**Task brief:** Below are some records. Write out exactly their lines from the one with "authorized concessionaire of" through the one with "ST. BONAVENTURE SECULAR", and leave the pictures behind.

[[ Dataset excerpts, beginning ]]

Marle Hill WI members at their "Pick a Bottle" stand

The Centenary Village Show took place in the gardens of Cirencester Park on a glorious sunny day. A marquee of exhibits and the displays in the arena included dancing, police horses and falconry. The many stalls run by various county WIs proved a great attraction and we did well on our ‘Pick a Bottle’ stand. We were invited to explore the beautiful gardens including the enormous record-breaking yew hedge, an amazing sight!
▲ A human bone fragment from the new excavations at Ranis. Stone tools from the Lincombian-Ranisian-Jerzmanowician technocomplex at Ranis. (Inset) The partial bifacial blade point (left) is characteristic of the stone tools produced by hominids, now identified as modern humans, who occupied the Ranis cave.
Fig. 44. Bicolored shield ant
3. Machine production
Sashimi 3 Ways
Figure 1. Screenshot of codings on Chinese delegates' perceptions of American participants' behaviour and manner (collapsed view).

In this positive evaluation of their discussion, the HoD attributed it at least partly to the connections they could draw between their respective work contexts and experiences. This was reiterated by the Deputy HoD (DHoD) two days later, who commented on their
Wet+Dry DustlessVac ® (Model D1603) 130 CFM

[[ Dataset excerpts, end ]]
[[ Dataset excerpts, beginning ]]

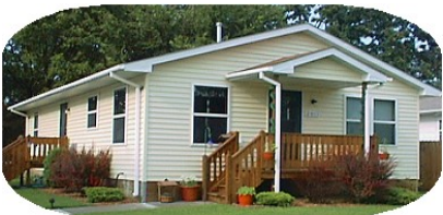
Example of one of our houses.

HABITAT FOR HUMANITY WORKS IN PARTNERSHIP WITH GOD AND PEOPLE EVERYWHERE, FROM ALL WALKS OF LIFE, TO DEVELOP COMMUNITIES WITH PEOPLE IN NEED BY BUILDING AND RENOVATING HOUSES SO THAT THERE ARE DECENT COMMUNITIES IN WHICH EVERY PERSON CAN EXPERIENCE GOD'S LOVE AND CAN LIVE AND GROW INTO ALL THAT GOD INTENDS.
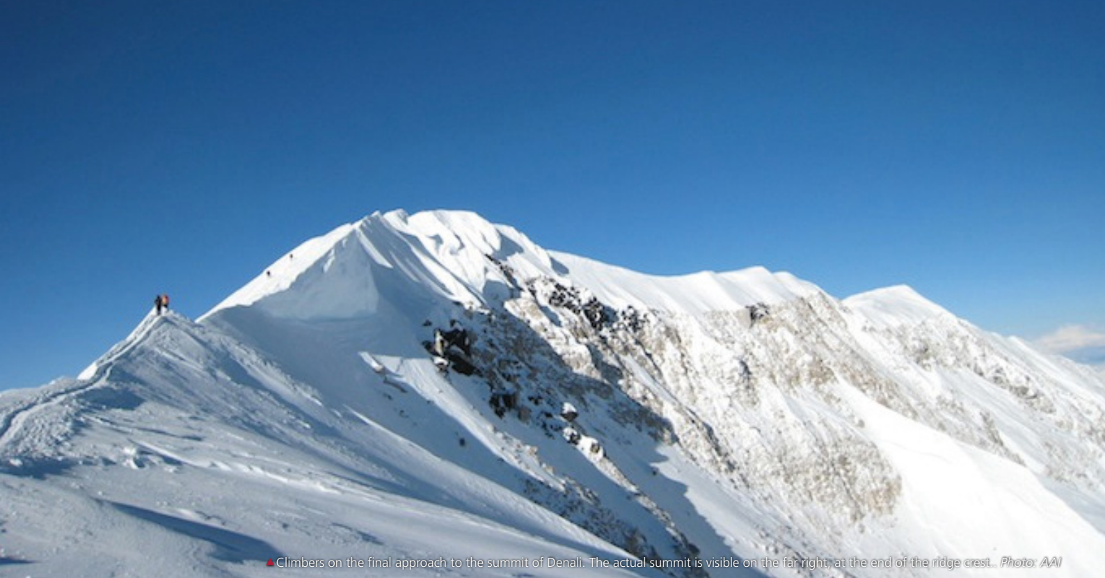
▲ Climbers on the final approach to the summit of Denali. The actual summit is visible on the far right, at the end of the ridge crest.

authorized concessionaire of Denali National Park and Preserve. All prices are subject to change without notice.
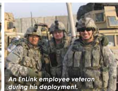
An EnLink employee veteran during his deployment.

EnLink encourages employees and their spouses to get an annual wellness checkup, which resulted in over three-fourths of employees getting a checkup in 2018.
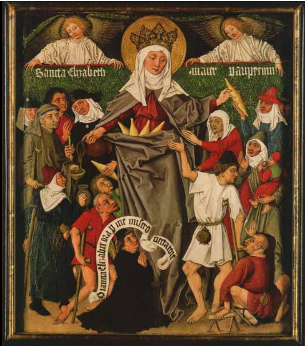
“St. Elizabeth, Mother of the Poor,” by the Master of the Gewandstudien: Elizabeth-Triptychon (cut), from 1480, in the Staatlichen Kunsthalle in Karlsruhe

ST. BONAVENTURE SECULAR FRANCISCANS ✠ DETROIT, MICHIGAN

[[ Dataset excerpts, end ]]
[[ Dataset excerpts, beginning ]]

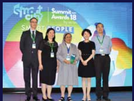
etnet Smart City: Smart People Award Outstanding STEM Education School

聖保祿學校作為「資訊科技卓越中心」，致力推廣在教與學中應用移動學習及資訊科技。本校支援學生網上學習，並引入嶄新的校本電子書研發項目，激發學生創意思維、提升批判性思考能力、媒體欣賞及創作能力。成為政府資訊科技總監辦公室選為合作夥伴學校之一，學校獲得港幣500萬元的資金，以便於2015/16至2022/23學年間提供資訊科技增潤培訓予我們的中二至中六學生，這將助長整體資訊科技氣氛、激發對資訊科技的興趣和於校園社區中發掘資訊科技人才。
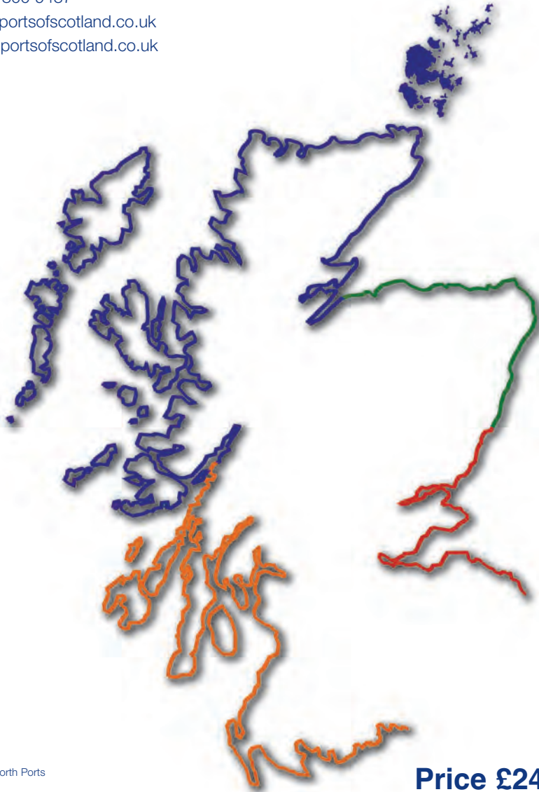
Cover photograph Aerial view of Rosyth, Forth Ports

[[ Dataset excerpts, end ]]

**The completed task:**
authorized concessionaire of Denali National Park and Preserve. All prices are subject to change without notice.
An EnLink employee veteran during his deployment.

EnLink encourages employees and their spouses to get an annual wellness checkup, which resulted in over three-fourths of employees getting a checkup in 2018.
“St. Elizabeth, Mother of the Poor,” by the Master of the Gewandstudien: Elizabeth-Triptychon (cut), from 1480, in the Staatlichen Kunsthalle in Karlsruhe

ST. BONAVENTURE SECULAR FRANCISCANS ✠ DETROIT, MICHIGAN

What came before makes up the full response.